Would you give the records below again, exactly and completely?

## DATA SUPPLIED
»»

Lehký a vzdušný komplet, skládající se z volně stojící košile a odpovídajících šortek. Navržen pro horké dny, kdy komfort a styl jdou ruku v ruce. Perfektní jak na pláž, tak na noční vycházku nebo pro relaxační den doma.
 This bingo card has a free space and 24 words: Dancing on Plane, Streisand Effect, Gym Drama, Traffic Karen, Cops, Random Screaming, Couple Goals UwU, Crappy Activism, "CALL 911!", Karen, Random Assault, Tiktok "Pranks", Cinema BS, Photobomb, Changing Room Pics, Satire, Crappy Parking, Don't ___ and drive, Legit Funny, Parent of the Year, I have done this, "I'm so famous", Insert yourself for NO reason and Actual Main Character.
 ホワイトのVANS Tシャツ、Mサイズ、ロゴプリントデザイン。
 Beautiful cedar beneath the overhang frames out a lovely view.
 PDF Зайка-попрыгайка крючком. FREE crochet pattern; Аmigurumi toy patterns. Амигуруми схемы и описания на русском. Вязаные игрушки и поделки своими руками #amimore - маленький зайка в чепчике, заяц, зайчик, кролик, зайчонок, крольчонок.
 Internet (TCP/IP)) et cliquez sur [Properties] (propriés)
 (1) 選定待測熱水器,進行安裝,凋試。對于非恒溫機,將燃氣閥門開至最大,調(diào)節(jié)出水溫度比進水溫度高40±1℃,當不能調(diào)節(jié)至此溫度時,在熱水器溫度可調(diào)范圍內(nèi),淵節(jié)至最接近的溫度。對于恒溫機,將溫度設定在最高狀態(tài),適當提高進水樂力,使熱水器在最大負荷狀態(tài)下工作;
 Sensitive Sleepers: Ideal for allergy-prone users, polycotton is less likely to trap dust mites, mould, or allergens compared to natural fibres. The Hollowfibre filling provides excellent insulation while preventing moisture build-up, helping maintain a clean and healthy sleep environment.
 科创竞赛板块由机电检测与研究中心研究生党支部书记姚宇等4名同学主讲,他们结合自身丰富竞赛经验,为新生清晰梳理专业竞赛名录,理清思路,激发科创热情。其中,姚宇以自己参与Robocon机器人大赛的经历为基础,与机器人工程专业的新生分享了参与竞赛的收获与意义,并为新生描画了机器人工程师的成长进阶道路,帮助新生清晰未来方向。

««

## OUTPUT BELOW
Lehký a vzdušný komplet, skládající se z volně stojící košile a odpovídajících šortek. Navržen pro horké dny, kdy komfort a styl jdou ruku v ruce. Perfektní jak na pláž, tak na noční vycházku nebo pro relaxační den doma.
 This bingo card has a free space and 24 words: Dancing on Plane, Streisand Effect, Gym Drama, Traffic Karen, Cops, Random Screaming, Couple Goals UwU, Crappy Activism, "CALL 911!", Karen, Random Assault, Tiktok "Pranks", Cinema BS, Photobomb, Changing Room Pics, Satire, Crappy Parking, Don't ___ and drive, Legit Funny, Parent of the Year, I have done this, "I'm so famous", Insert yourself for NO reason and Actual Main Character.
 ホワイトのVANS Tシャツ、Mサイズ、ロゴプリントデザイン。
 Beautiful cedar beneath the overhang frames out a lovely view.
 PDF Зайка-попрыгайка крючком. FREE crochet pattern; Аmigurumi toy patterns. Амигуруми схемы и описания на русском. Вязаные игрушки и поделки своими руками #amimore - маленький зайка в чепчике, заяц, зайчик, кролик, зайчонок, крольчонок.
 Internet (TCP/IP)) et cliquez sur [Properties] (propriés)
 (1) 選定待測熱水器,進行安裝,凋試。對于非恒溫機,將燃氣閥門開至最大,調(diào)節(jié)出水溫度比進水溫度高40±1℃,當不能調(diào)節(jié)至此溫度時,在熱水器溫度可調(diào)范圍內(nèi),淵節(jié)至最接近的溫度。對于恒溫機,將溫度設定在最高狀態(tài),適當提高進水樂力,使熱水器在最大負荷狀態(tài)下工作;
 Sensitive Sleepers: Ideal for allergy-prone users, polycotton is less likely to trap dust mites, mould, or allergens compared to natural fibres. The Hollowfibre filling provides excellent insulation while preventing moisture build-up, helping maintain a clean and healthy sleep environment.
 科创竞赛板块由机电检测与研究中心研究生党支部书记姚宇等4名同学主讲,他们结合自身丰富竞赛经验,为新生清晰梳理专业竞赛名录,理清思路,激发科创热情。其中,姚宇以自己参与Robocon机器人大赛的经历为基础,与机器人工程专业的新生分享了参与竞赛的收获与意义,并为新生描画了机器人工程师的成长进阶道路,帮助新生清晰未来方向。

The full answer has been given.